Subtracting two vector<point2f> directly

Question

I have to subtract two vectors of type Point2f (both are of same size). I know it can be done by extracting the values at each index and then subtracting them in a loop but is there a direct method to it? Something like

Vector<Point2f> A[3];
A[2] = A[1] - A[0];

Answer 1

just for sports ;)

std::vector<Point2f> A,B;
A.push_back(Point2f(1,2));
A.push_back(Point2f(3,4));
A.push_back(Point2f(5,6));
B.push_back(Point2f(5,2));
B.push_back(Point2f(4,4));
B.push_back(Point2f(3,6));

// Mat C; subtract(A,B,C);
Mat C = Mat(A) - Mat(B);
cout<< A << endl << B << endl <<C<<endl;



[1, 2;  3, 4;  5, 6]
[5, 2;  4, 4;  3, 6]
[-4, 0;  -1, 0;  2, 0]

Answer 2

As per the documentation link that you provided, subtraction of two points is supported.
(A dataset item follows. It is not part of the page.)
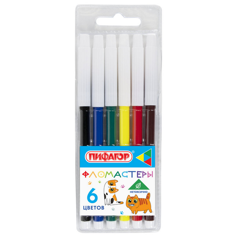 Обладают яркими цветами в количестве 6 штук. Длина корпуса удобной круглой формы составляет 141 мм, а диаметр - 7,5 мм. Благодаря толщине линии письма 1 мм и диаметру пишущего узла 1,8 мм процесс раскрашивания становится легким.

So the following should work:

std::transform (A[1].begin(), A[1].end(), A[0].begin(), A[2].begin(), std::minus<Point2f>());

Note that this assumes that A[2] is big enough to store the result.

Alternative, you could write your own overloaded operator-() for vector subtraction:

const vector<Point2f> operator-(const vector<Point2f>& lhs, const vector<Point2f>& rhs)
{ ... }

You would need to optimize the above function to avoid a copy of the vector when the function returns. This does not preclude the need to write the looping code that you want to avoid. But it will give you a cleaner syntax for vector subtractions.